- [Given records]

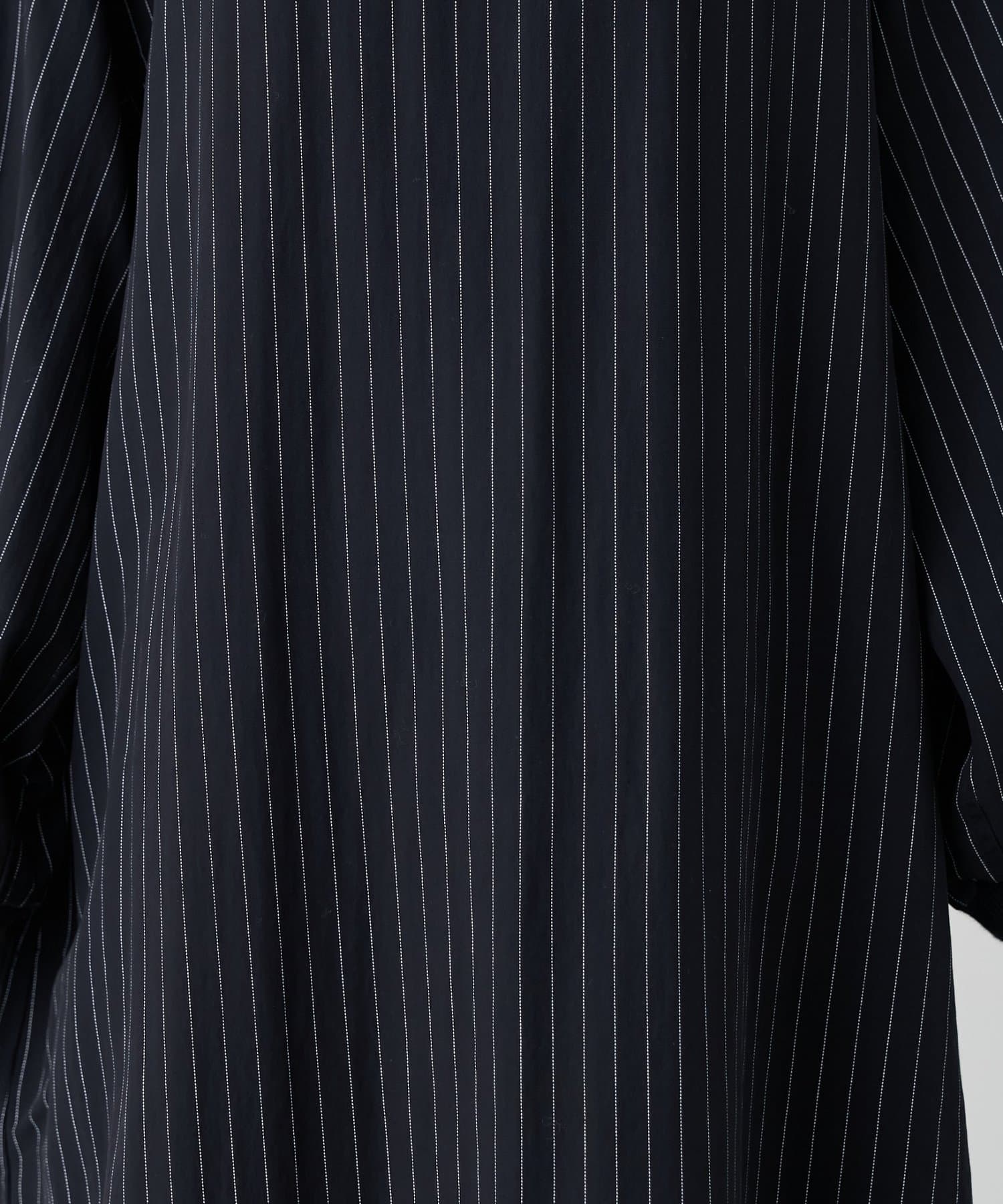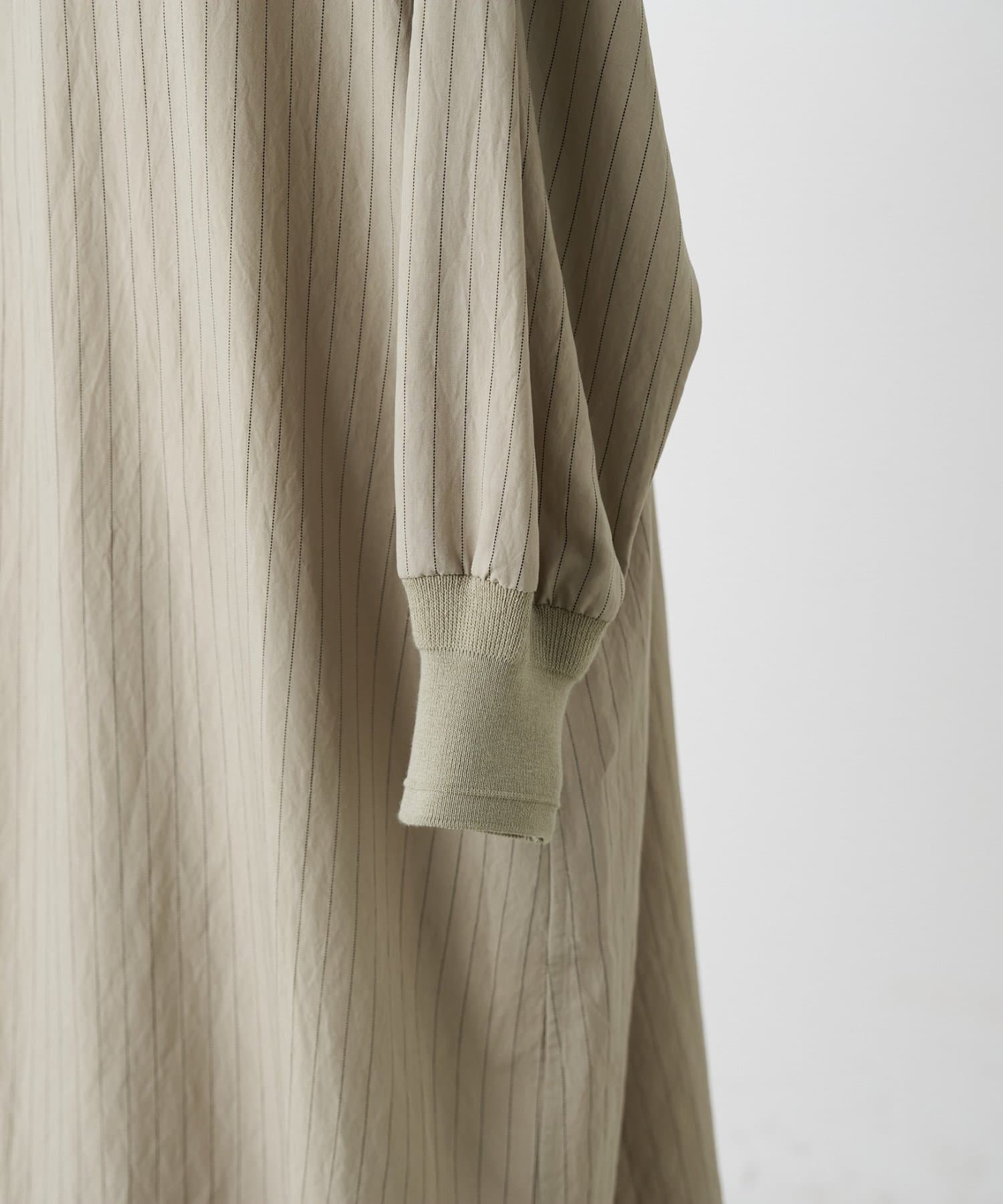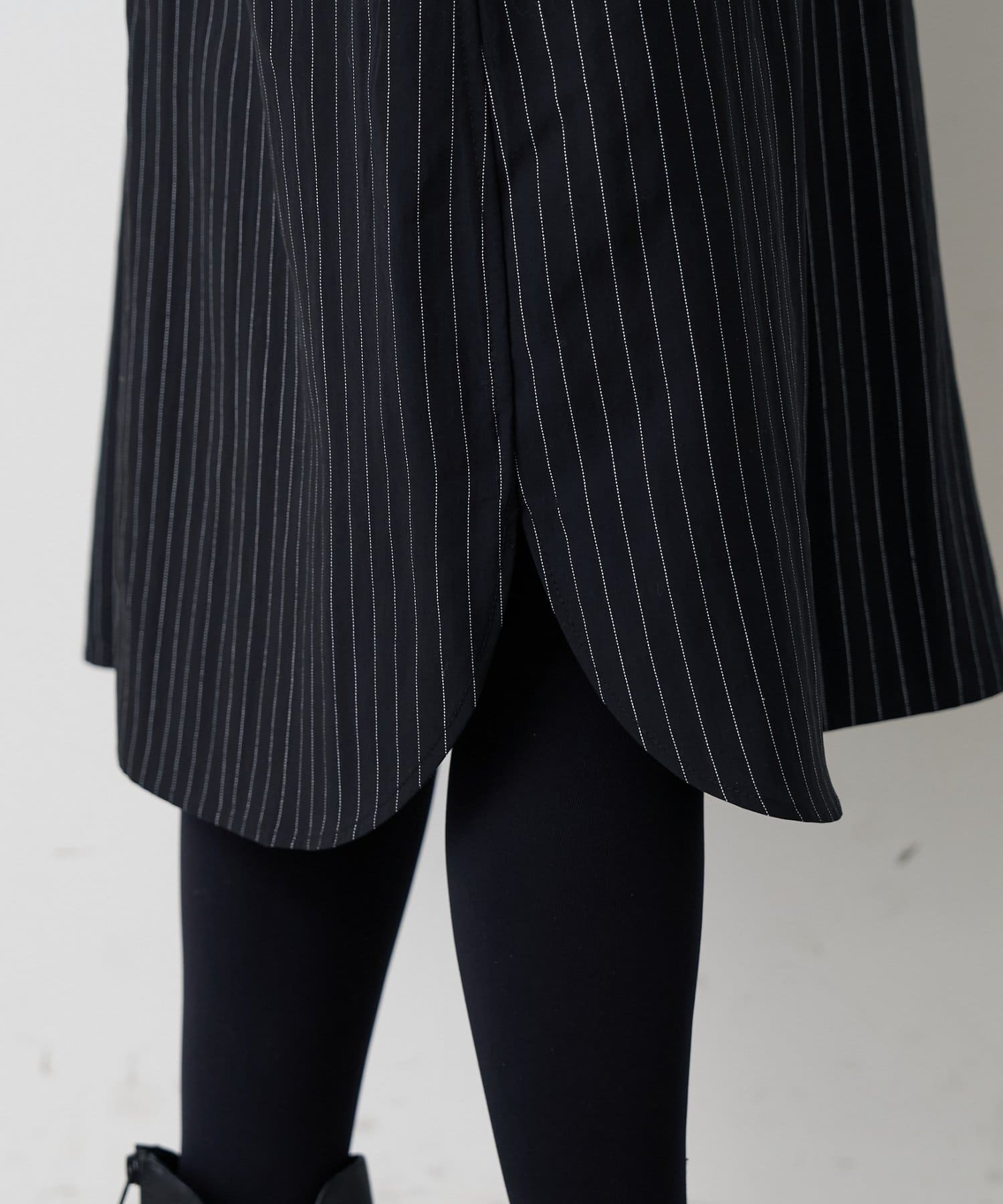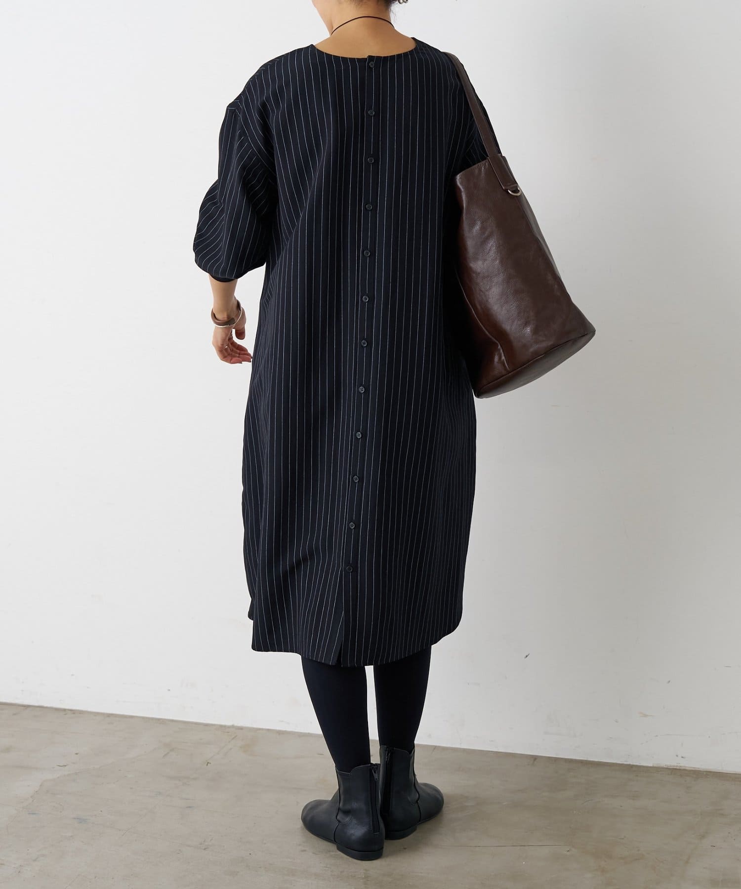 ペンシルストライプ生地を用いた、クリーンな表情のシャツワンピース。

---

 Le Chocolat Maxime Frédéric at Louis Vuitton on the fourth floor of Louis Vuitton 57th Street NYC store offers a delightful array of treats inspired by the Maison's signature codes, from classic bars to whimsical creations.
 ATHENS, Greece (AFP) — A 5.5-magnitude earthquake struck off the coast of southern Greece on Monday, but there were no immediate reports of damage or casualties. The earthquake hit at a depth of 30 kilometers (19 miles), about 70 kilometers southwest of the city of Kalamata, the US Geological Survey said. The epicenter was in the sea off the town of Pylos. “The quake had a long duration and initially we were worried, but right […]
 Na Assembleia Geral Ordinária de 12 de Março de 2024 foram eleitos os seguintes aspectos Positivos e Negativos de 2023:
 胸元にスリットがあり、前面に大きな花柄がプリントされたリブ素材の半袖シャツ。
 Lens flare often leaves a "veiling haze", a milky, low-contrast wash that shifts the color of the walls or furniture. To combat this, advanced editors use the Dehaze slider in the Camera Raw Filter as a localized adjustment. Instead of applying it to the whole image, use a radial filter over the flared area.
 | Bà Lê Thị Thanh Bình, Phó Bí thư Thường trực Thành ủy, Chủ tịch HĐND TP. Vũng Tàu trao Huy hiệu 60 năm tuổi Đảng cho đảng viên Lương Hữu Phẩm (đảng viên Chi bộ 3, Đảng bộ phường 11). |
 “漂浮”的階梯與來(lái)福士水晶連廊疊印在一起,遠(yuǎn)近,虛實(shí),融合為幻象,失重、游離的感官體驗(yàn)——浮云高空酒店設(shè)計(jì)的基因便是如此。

* * *

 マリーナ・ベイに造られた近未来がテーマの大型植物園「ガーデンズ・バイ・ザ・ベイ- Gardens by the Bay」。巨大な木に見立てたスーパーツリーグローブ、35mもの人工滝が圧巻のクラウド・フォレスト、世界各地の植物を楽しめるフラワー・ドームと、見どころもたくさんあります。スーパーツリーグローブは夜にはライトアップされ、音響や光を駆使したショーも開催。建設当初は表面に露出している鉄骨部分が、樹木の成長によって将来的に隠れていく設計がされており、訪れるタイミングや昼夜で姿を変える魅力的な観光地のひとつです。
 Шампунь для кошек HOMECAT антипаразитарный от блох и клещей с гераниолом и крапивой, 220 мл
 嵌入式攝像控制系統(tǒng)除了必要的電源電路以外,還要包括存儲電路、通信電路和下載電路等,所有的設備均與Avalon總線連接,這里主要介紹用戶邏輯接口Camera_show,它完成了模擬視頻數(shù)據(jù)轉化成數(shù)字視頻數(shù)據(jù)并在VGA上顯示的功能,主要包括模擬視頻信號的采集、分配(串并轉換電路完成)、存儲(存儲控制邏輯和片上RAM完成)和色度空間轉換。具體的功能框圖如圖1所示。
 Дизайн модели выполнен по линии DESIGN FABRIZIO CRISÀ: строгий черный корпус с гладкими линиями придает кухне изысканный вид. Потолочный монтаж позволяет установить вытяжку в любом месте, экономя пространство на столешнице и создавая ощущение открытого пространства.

- [What is expected] Print, from the entries above, the line with "ATHENS, Greece (AFP)", the line with "Na Assembleia Geral" and all lines between them, exactly and with nothing else.

- [Written solution]
 ATHENS, Greece (AFP) — A 5.5-magnitude earthquake struck off the coast of southern Greece on Monday, but there were no immediate reports of damage or casualties. The earthquake hit at a depth of 30 kilometers (19 miles), about 70 kilometers southwest of the city of Kalamata, the US Geological Survey said. The epicenter was in the sea off the town of Pylos. “The quake had a long duration and initially we were worried, but right […]
 Na Assembleia Geral Ordinária de 12 de Março de 2024 foram eleitos os seguintes aspectos Positivos e Negativos de 2023:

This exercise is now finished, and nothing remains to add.